In December 1970, the West German chancellor, Willy Brandt, visited the Monument to the Ghetto Heroes in Warsaw, Poland. The memorial honors Jewish resistance to Nazi occupiers in 1943, a revolt that took place after the Third Reich started deporting Jewish people in droves to death camps the year before. The Nazis brutally suppressed the uprising, killing or deporting more than 50,000 people in the process.
Brandt agreed to lay a wreath at the monument to honor the murdered Jewish freedom fighters. But when the moment arrived, he did something completely unexpected. He set the wreath down and then knelt on the cold, wet ground in silence. Everyone was stunned. “Under the weight of recent history,” Brandt said, “I did what people do when words fail them. In this way, I commemorated millions of murdered people.”
The German word Vergangenheitsbewältigung, translated as “coming to terms with the past,” refers to how German intellectuals and political leaders like Brandt—and those who came before and after him—directly faced, rather than ignored, Nazism and the Holocaust. How could a nation that had succumbed to tyranny, plunged the world into war and committed one of the worst atrocities of the 20th century rebuild itself and become a democratic leader on the world stage? German leaders wrestled with this question and dedicated the latter half of the 20th century to accepting responsibility for the past by working to mend relationships with their neighbors, including Israel, and by encouraging Germans to face their nation’s history.
Like Germany, the United States must face its own troubled history. This past year has produced intense debates regarding racism and police brutality, and it saw a resurgence of far-right nationalism. Perhaps this is the moment for President Biden to honor his campaign promise about “fighting for the soul of America” and begin a national discussion on our country’s tragic past.

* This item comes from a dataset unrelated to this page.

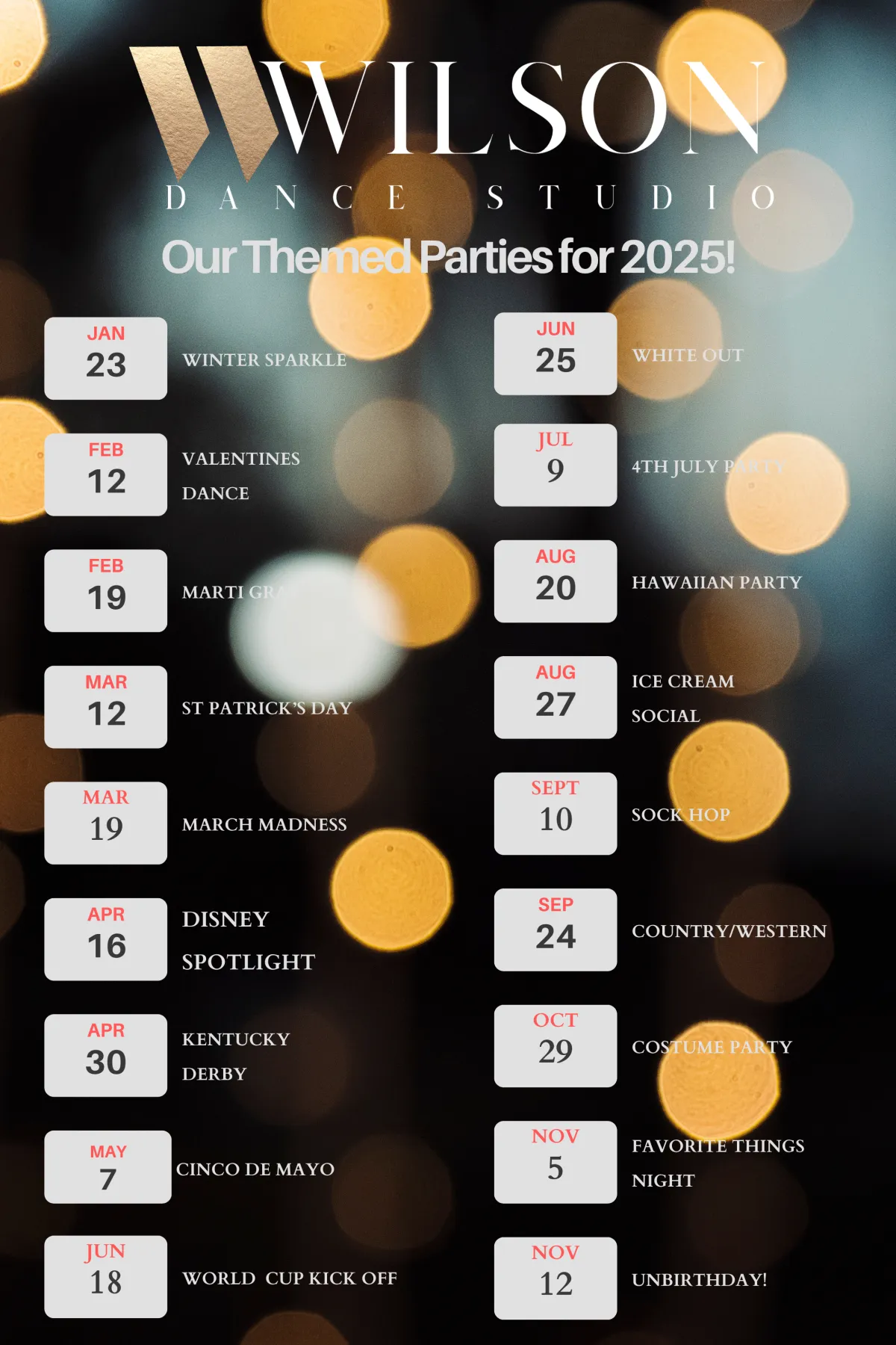 Once a month for our Thursday party @ 8pm, we add a sprinkle of themed magic, transforming our studio into a unique dance haven. From the spirit of college football in September to the glitz and glam of December, our monthly themed parties are a highlight you won't want to miss.

The process of overcoming the past started in 1949 in the Federal Republic of Germany. Western Germany adopted a democratic system of government and elected Konrad Adenauer as its first chancellor. Adenauer tasked himself with rebuilding the public’s confidence in democracy while still dealing with the fresh memory of Adolf Hitler’s seizure of power and his demolition of the Weimar Republic.
Adenauer based his worldview on the value of individual human dignity. He argued that the Holocaust and the horrors of the Nazi regime were possible because supporters of the Reich submitted themselves to the collective and were willing to sacrifice others in the process. Adenauer argued that the new government had an obligation to offer compensation to those who suffered from the Nazis. West Germany paid reparations to individuals who could show displacement or deaths of family members caused by the Nazi government.
But a domestic effort to confront the Nazi past was not enough. In 1951 Adenauer extended this program to include the new state of Israel and expressed his willingness to open negotiations for annual payments to Israel as compensation for the Holocaust.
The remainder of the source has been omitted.